So sometime between flying pigs and Uber/lyft having an Ebeneezer Scrooge moment and treating drivers better (you know, at least as good as the evil cab companies do)


----------



## wontgetfooledagain (Jul 3, 2018)

Just make it up if you get audited, it's just a paper book. Your income is going to be so low, you will not be high profile for the IRS.


----------



## Older Chauffeur (Oct 16, 2014)

wontgetfooledagain said:


> Just make it up if you get audited, it's just a paper book. Your income is going to be so low, you will not be high profile for the IRS.


There's a member here who might argue with you about that. butchr is being audited for 2015, and his mileage log wasn't compliant with IRS rules because it wasn't contemporaneous and didn't have the required information. You can find his posts in the old (Jan 2016) thread by UberPissed entitled "Tax Attorney Here...... Ask Away" starting at post 452.


----------



## butchr (Jan 13, 2015)

Older Chauffeur said:


> There's a member here who might argue with you about that. butchr is being audited for 2015, and his mileage log wasn't compliant with IRS rules because it wasn't contemporaneous and didn't have the required information. You can find his posts in the old (Jan 2016) thread by UberPissed entitled "Tax Attorney Here...... Ask Away" starting at post 452.

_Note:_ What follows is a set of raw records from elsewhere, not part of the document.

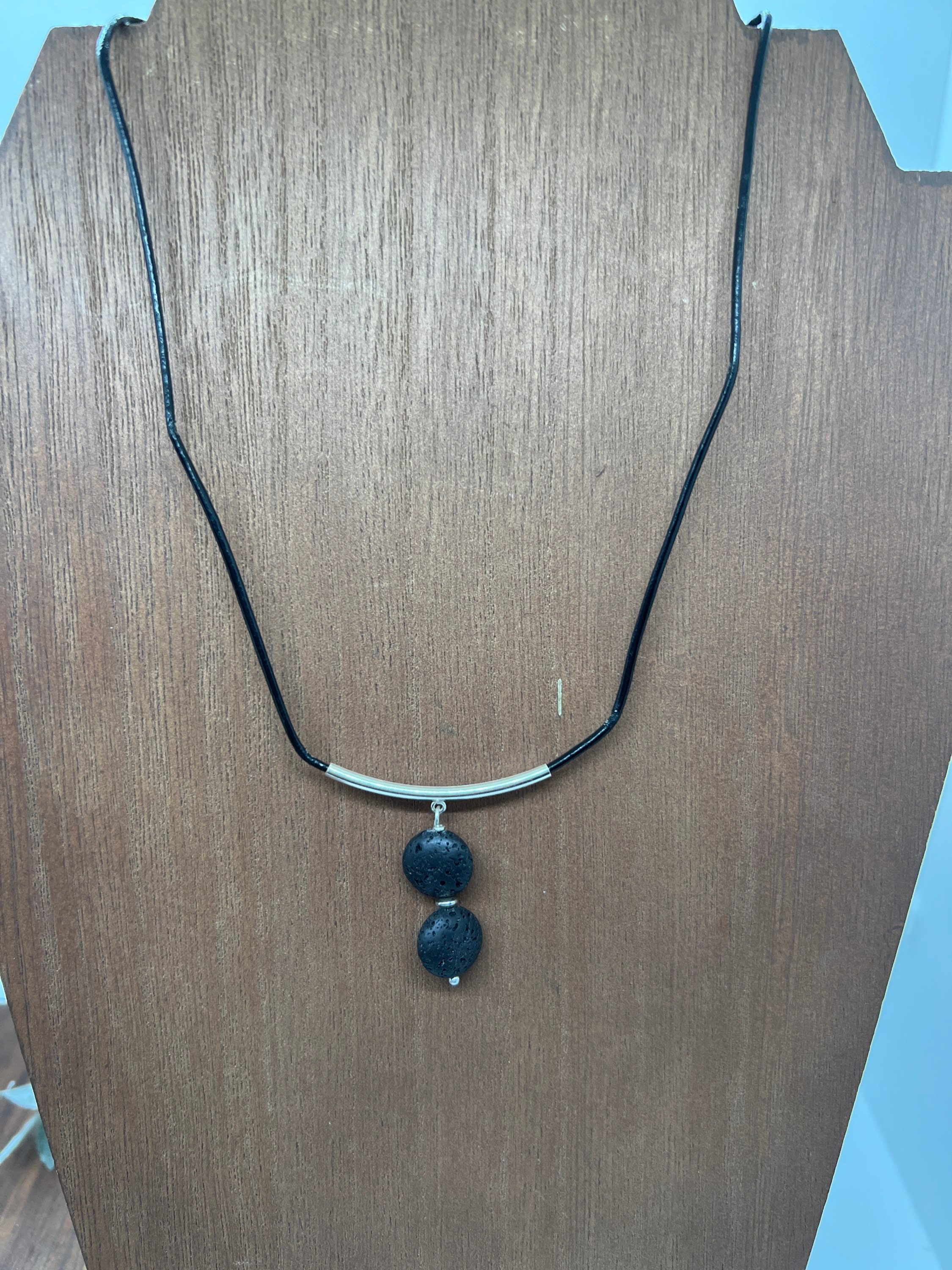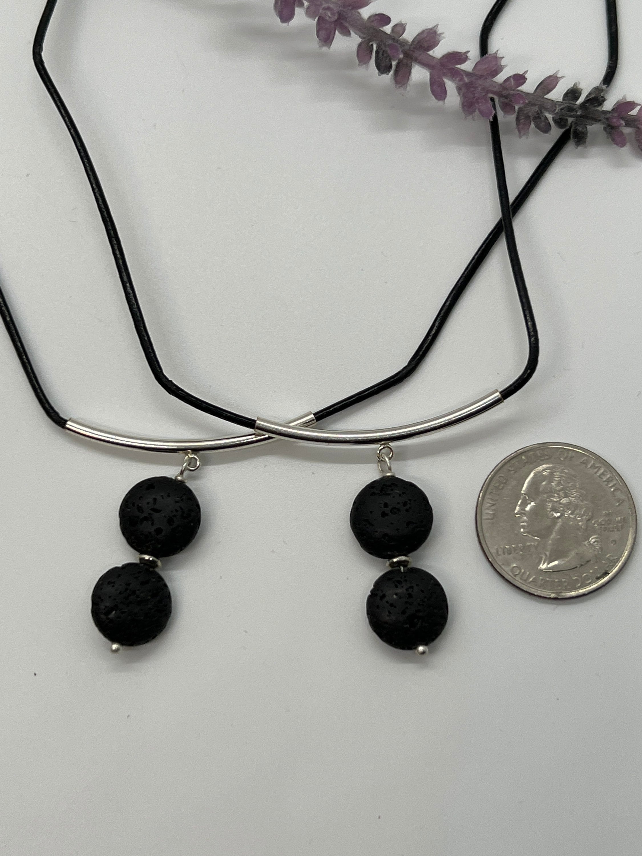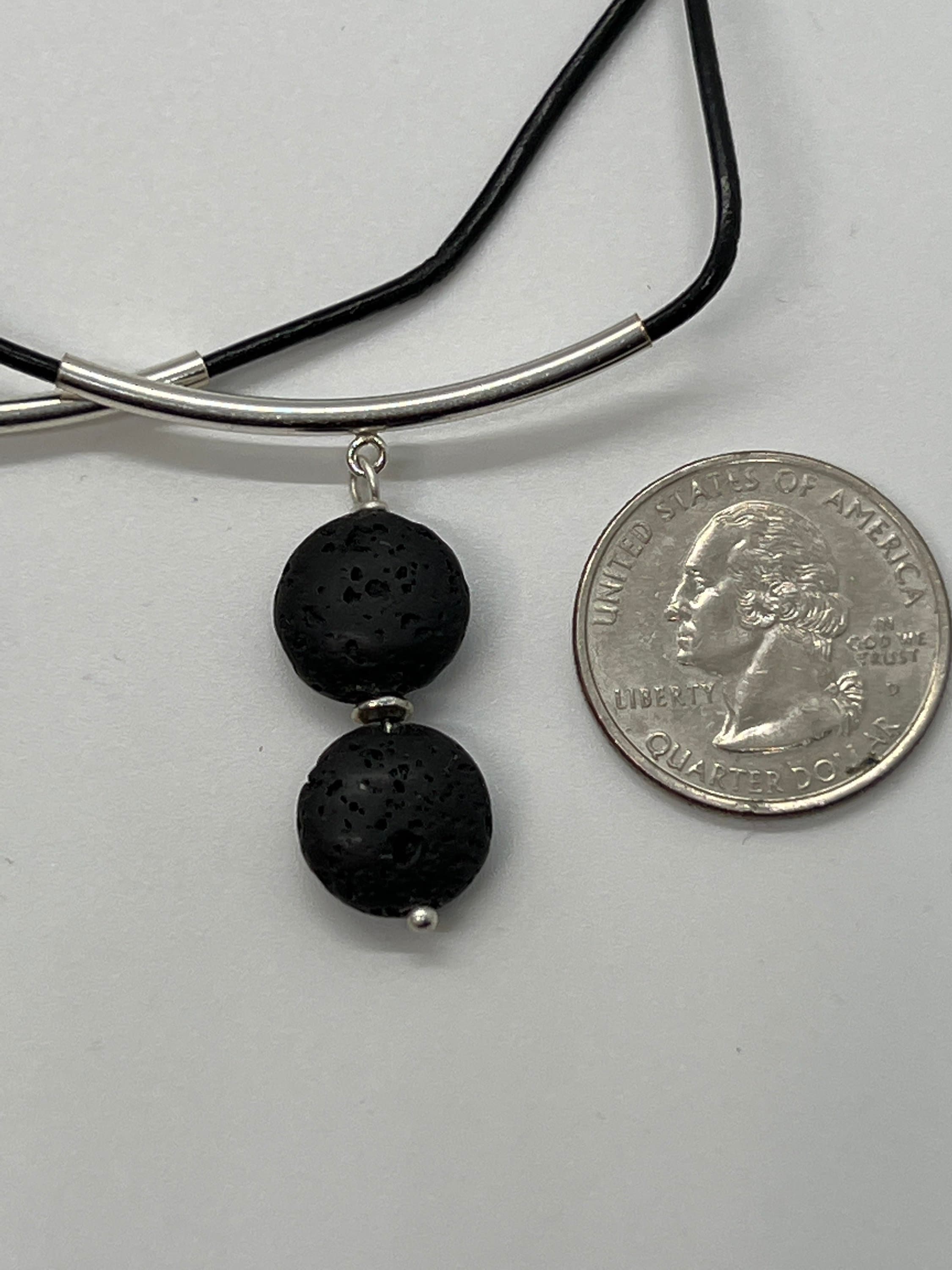 The coin shaped lava stones are stacked, and hand wired together. The lava stones are hand wired together using a nickel free head pin and has a small decorative spacer between the lava stones. The stones are great for a simple one essential oil scent or a blend of your choice. The leather is rolled and polished and is a thin 2mm thick. The silver tube has a slight curve that the lava stones are attached to. The ends are nickel free lobster claw.
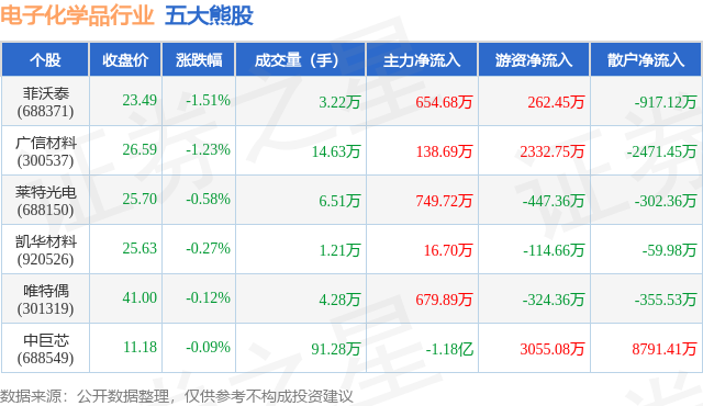 个股表现方面,电子化学品行业当日领跌股为菲沃泰(688371),该股当日报收23.49,下跌1.51%,成交量3.22万,主力资金净流入654.68万元。广信材料(300537)以下跌1.23%紧随其后,该股当日成交量14.63万,主力资金净流入138.69万元。除此之外,莱特光电(688150)、凯华材料(920526)、唯特偶(301319)均进入当日熊股之列。具体个股列表见下表:
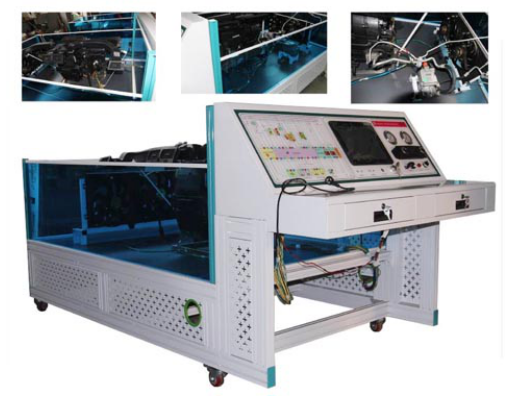 設備包含設備臺架、斜面式控制臺,測量工具盤,工具箱。系統(tǒng)壓力表、原車電池組動力源、檢測面板、、電氣箱、室內溫顯示、室外溫度顯示、設備控制機構、車身系統(tǒng)電控單元、故障設置系統(tǒng)和空調相關系統(tǒng)組成。
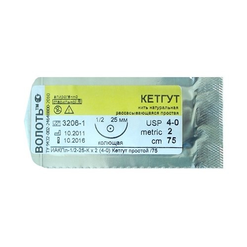 Шовный материал Кетгут 3/0 Линтекс используется в стоматологической хирургии для накладывания лигатур или швов. Он рассасывается через 90 суток после накладывания, поэтому не требует снятия швов.
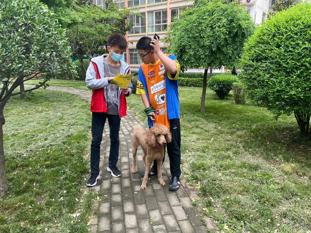 另外一组志愿者在社区中分发宣传单,向社区居民们宣讲文明养犬的知识。通过志愿者们的讲解,居民们对文明养犬,如何使宠物与人类更加和谐的相处有了进一步认识。
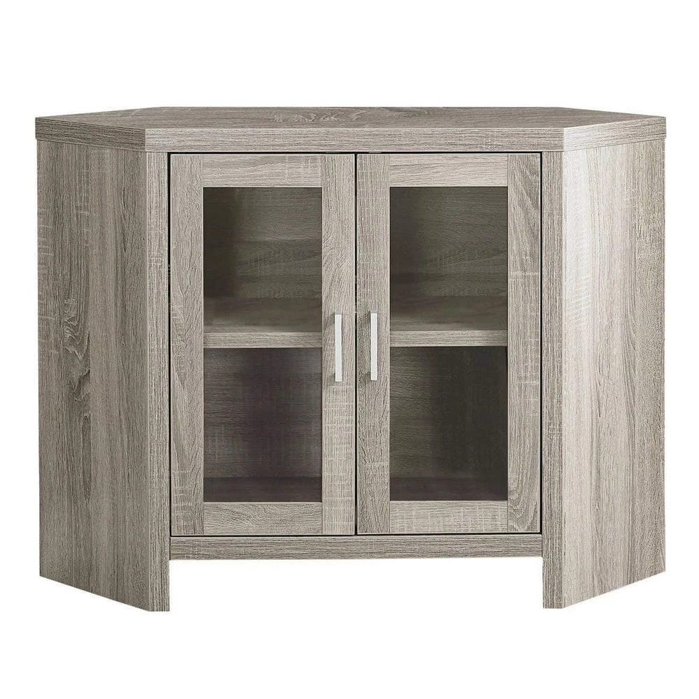 Give your TV the best seat in the house with a TV stand that gives your space the perfect blend of form and function with the Monarch Specialties Modern Corner Television Stand. This 42-inch corner TV stand is a contemporary and versatile addition to your home entertainment setup. Fitting nicely into a corner, it will free up valuable floor space and open up your living room making it the perfect space-saving unit. Electronic components and accessories are kept organized in style behind two glass cabinet doors with a fixed shelf. Finished in a chic dark taupe that will blend well with any decor this tv stand will be a great addition to any entertainment room. With thick and sturdy wood panel construction and aged wood, dark taupe finish, this entertainment center goes with a variety of contemporary, modern, and art deco stylings. Constructed of heavy-duty materials, this entertainment center is built and durable to last you through many years. Complete your living room space and give your TV that final touch with the Monarch Specialties Modern Corner Television Stand.
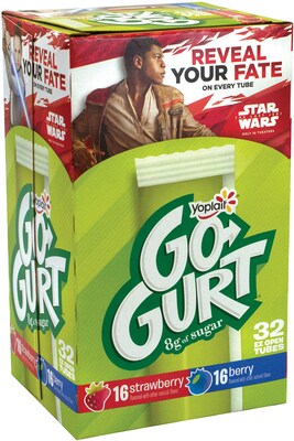 - A 32-Pack of Yoplait Go-Gurt EZ Open Tubes in 2 great flavors
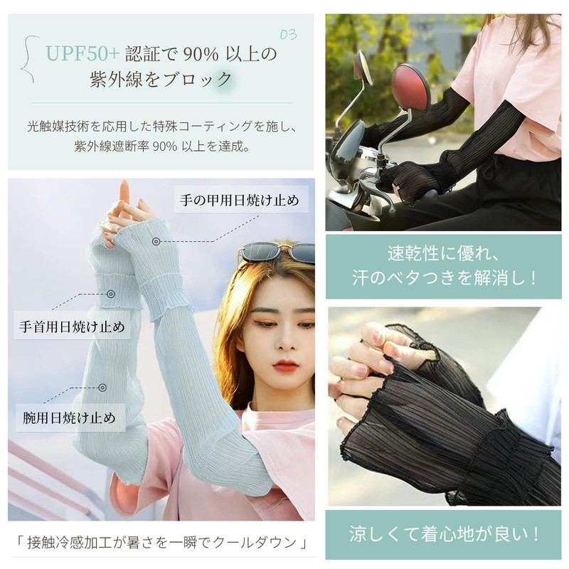 [Tohaojay Zoner] アームカバー uvカット 腕カバー アームスリーブ 日焼け防止 紫外線対策 透かしレース ギャザー ストレッチ フリル 通気性 アイスシルク 冷感 おしゃれ 通勤 エレガント 可愛い 春 夏
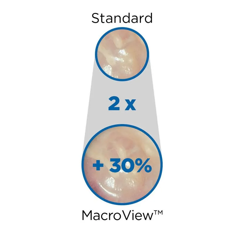 Das MacroView Prestige Otoskop LED Set 3,5 V mit Rachenleuchte bietet einen 2-mal so großes Blickfeld und eine stärkere Vergrößerung als die herkömmlichen Otoskope. Durch das größere Blickfeld und die stärkere Vergrößerung wird die Ansicht des Gehörgangs und des Trommelfells optimiert.
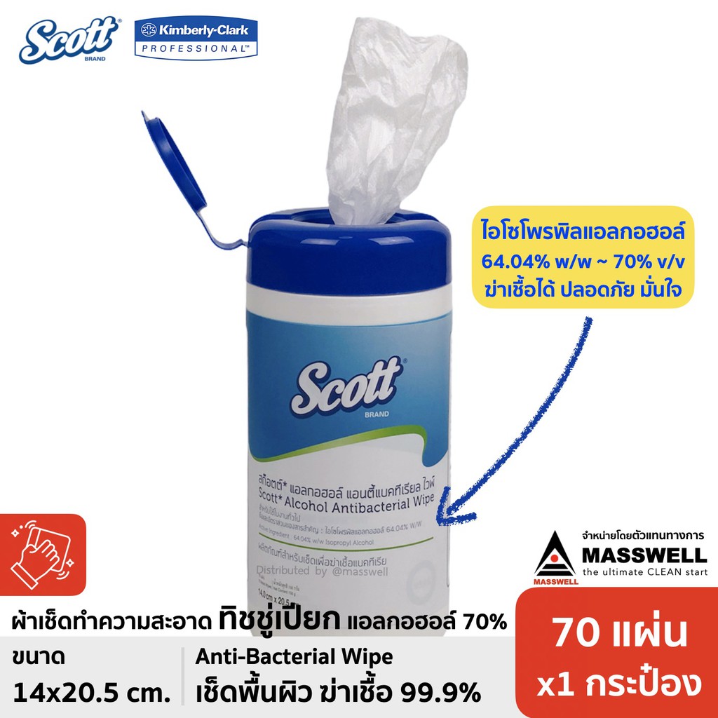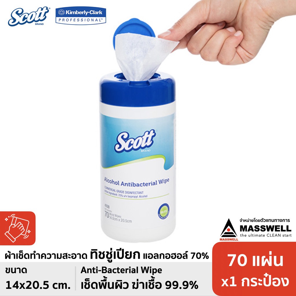SCOTT ทิชชู่เปียก Alcohol Antibacterial Wipe 4100 (70แผ่น x1กระป๋อง) [4100]
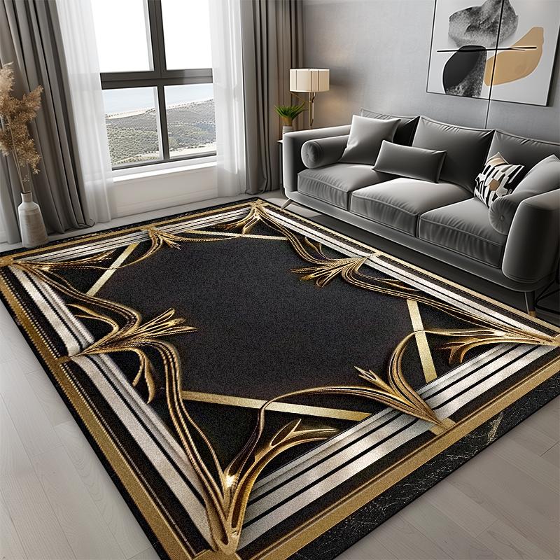 Boho Style Luxury Black Gold Carpets Living Room Bedroom Decoration High-grade Sofa Large Rugs Lounge Coffee Tables Mats Flannel
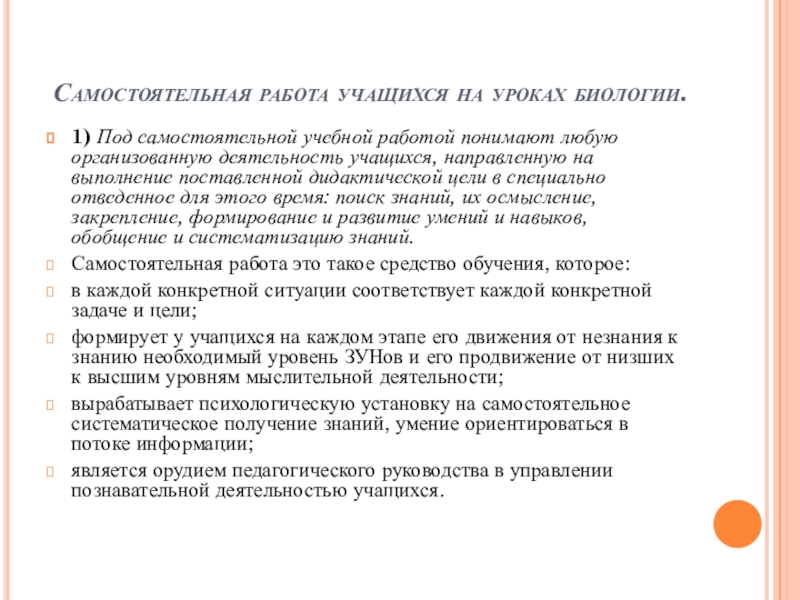 Слайд 3Самостоятельная работа учащихся на уроках биологии.
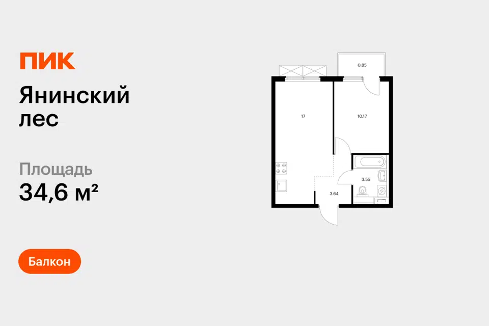 1-комн. кв., 34.8 м², 4/15 этаж
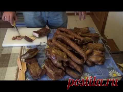 Копчение колбасы , грудинки , цыплят . - YouTube
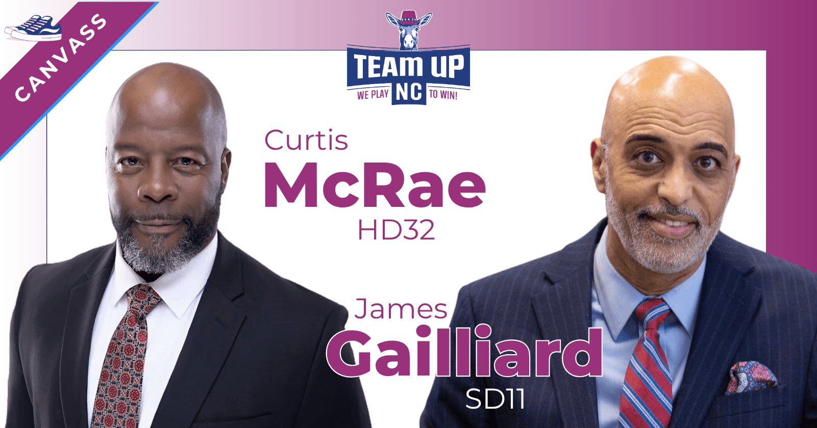Vance County, here we come! You’ll be knocking doors for James Gailliard, who’s running for the state Senate to break the Republican supermajority, and for house candidate Lorenza Wilkins where we need to grow our Dem numbers. We’ll send you the exact location on Wednesday before the canvass.
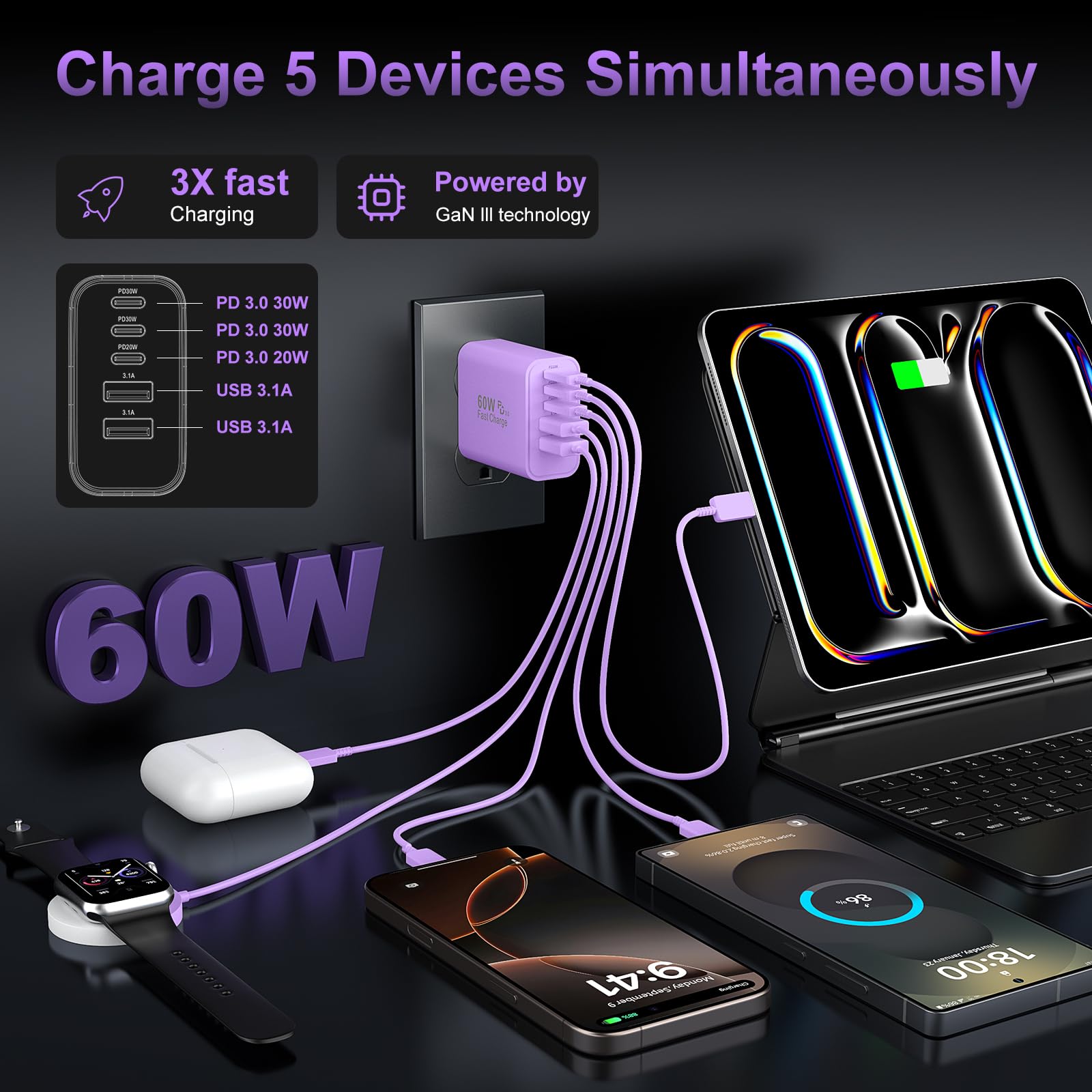 5-IN-1 High Speed Charging Cube for Multi Devices: with 3 USB-C ports and 2 USB-A ports, the newest wall charger brick can fast charge 5 devices simultaneously for efficient power distribution, such as phones, tablets, cameras, power banks, headphones, smartwatches, Swtich etc. One for all, save your outlet space instead of occupying 5 wall sockets. It is the best replacement for your original USB chargers

I am now having to update my logs with starting mileage, ending mileage, and total miles for each day driven. They now want LOCATIONS driven for every day driven for an entire year. That equals 300 plus days a year of driving for rideshare. I'm spending my Labor Day weekend with my head buried in paperwork. My suggestion to other drivers is keep good records. After your shift, jot down locations driven. You can purchase a mileage log with location and notes features. I never thought I'd get audited, but I have had a tax accountant helping me out which brings down the stress level. I'll keep you updated how things go.


----------



## UberTaxPro (Oct 3, 2014)

butchr said:


> I am now having to update my logs with starting mileage, ending mileage, and total miles for each driven. They now want LOCATIONS driven for every day driven for an entire year. That equals 300 plus days a year of driving for rideshare. I'm spending my Labor Day weekend with my head buried in paperwork. My suggestion to other drivers is keep good records. After your shift, jot down locations driven. You can purchase a mileage log with location and notes features. I never thought I'd get audited, but I have had a tax accountant helping me out which brings down the stress level. I'll keep you updated how things go.


So how much is that mileage log is worth to you in cash?


----------



## butchr (Jan 13, 2015)

UberTaxPro said:


> So how much is that mileage log is worth to you in cash?


Priceless.


----------



## wontgetfooledagain (Jul 3, 2018)

Older Chauffeur said:


> There's a member here who might argue with you about that. butchr is being audited for 2015, and his mileage log wasn't compliant with IRS rules because it wasn't contemporaneous and didn't have the required information. You can find his posts in the old (Jan 2016) thread by UberPissed entitled "Tax Attorney Here...... Ask Away" starting at post 452.


He's one in a million. Just make up the log (make it compliant) if you need to.


----------



## AuxCordBoston (Dec 3, 2016)

butchr said:


> I am now having to update my logs with starting mileage, ending mileage, and total miles for each day driven. They now want LOCATIONS driven for every day driven for an entire year. That equals 300 plus days a year of driving for rideshare. I'm spending my Labor Day weekend with my head buried in paperwork. My suggestion to other drivers is keep good records. After your shift, jot down locations driven. You can purchase a mileage log with location and notes features. I never thought I'd get audited, but I have had a tax accountant helping me out which brings down the stress level. I'll keep you updated how things go.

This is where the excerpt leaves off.